I decided to make a struct to represent each game:

```
(struct game (id sets)
#:transparent)
```

And to parse each set into a hash from colors to the number of blocks:

```
(define (parse-set set-str)
(for/hasheq ([reveal-str (in-list (string-split set-str ","))])
(match-define (regexp #rx"([0-9]+) ([a-z]+)"
(list _
(app string->number blocks)
(app string->symbol color)))
reveal-str)
(values color blocks)))
```

The `parse-set`

procedure splits the input on commas and extracts the
block count and color of each reveal using a regular expression. The
`for/hasheq`

form then collects the results of each iteration into a
hash. The `match`

form's `app`

syntax comes in handy when you want
to transform a matched value before binding it.

```
> (parse-set "")
'#hasheq()
> (parse-set "10 red, 3 blue")
'#hasheq((blue . 3) (red . 10))
> (parse-set "10 red, 3 blue, 5 green")
'#hasheq((blue . 3) (green . 5) (red . 10))
```

To parse a game, we do a similar kind of pattern matching to extract
the game id and the set of reveals to pass to `parse-set`

:

```
(define (parse-game line)
(match-define (regexp #rx"Game ([^:]+): (.+)"
(list _ (app string->number id) sets-str))
line)
(define sets
(map parse-set (string-split sets-str ";")))
(game id sets))
```

With the id and parsed sets in hand, we construct an instance of the game struct.

```
> (parse-game "Game 5: 10 red, 3 blue; 10 green, 5 red")
(game 5 '(#hasheq((blue . 3) (red . 10))
#hasheq((green . 10) (red . 5))))
```

The goal of part one is to sum up the game ids where the games would be valid.

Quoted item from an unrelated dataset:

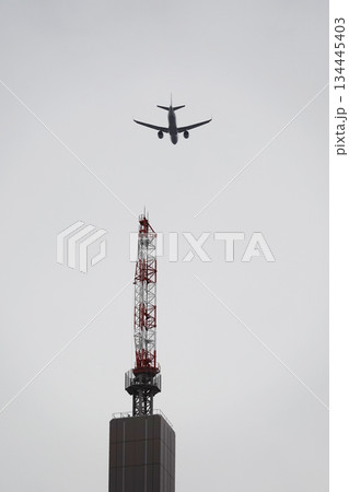 聳え立つ高層ビルとその脇を飛行する旅客機が見える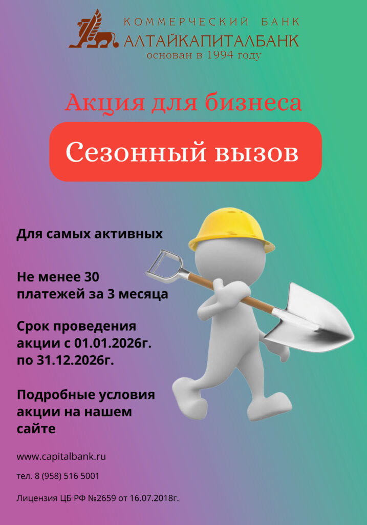 Мы заботимся о своих клиентах и предлагаем выгодные акции на следующие услуги!Акции для бизнесаСезонный вызов Условия акции Полгода за полцены Условия акции Накопительный счет Условия акции Приведи друга Условия акции Cчет 0! Ведение 0! Бонусы в подарок! Подробные условия Акции по этой ссылке. Акция «Контракт+» Акция «БИЗНЕС-ПОМОЩЬ» Акции для населенияАрхив Акций

A valid game is defined as any game where every set of reveals had fewer than 12 red cubes, 13 green cubes and 14 blue cubes. So, I defined a generic procedure for determining if a game was valid:

```
(define (game-ok? g proc)
(for/and ([s (in-list (game-sets g))])
(proc s)))
```

The `for/and`

form returns `#t`

when all of the iterations are
truthy and `#f`

otherwise. Next, we define a procedure representing the
valid condition for part 1:

```
(define (part1-ok? s)
(and
(<= (hash-ref s 'red 0) 12)
(<= (hash-ref s 'green 0) 13)
(<= (hash-ref s 'blue 0) 14)))
```

And, with that, we can put everything together:

```
(call-with-input-file "day02.txt"
(lambda (in)
(for*/sum ([line (in-lines in)]
[game (in-value (parse-game line))]
#:when (game-ok? game part1-ok?))
(game-id game))))
```

We use the `sum`

variant of `for*`

to sum up the valid game ids. The
`in-value`

form generates a sequence of one element representing
each game for each line and the body of the loop is skipped whenever
`game-ok?`

is false.

In part two, the problem is flipped on its head and we're asked to
find the minimum constraint that would make each game valid. That's
just a matter of iterating over every set in each game and keeping
track of the *maximum* number of blocks of each color:

```
(define (game-minimums g)
(for*/fold ([minimums (hasheq 'red 0 'green 0 'blue 0)])
([s (in-list (game-sets g))]
[c (in-list '(red green blue))])
(hash-update minimums c (λ (blocks) (max blocks (hash-ref s c 0))))))
```

For example:

```
> (game-minimums (parse-game "Game 5: 10 red, 3 blue; 10 green, 5 red"))
'#hasheq((blue . 3) (green . 10) (red . 10))
```

To compute the puzzle solution, we have to sum up the result of multiplying the number of colors in every game (its "power"). So, we define a procedure to compute a game's power:

```
(define (game-power g)
(apply * (hash-values (game-minimums g))))
```

Put it all together:

```
(call-with-input-file "day02.txt"
(lambda (in)
(for*/sum ([line (in-lines in)]
[game (in-value (parse-game line))])
(game-power game))))
```

And that's it for day two!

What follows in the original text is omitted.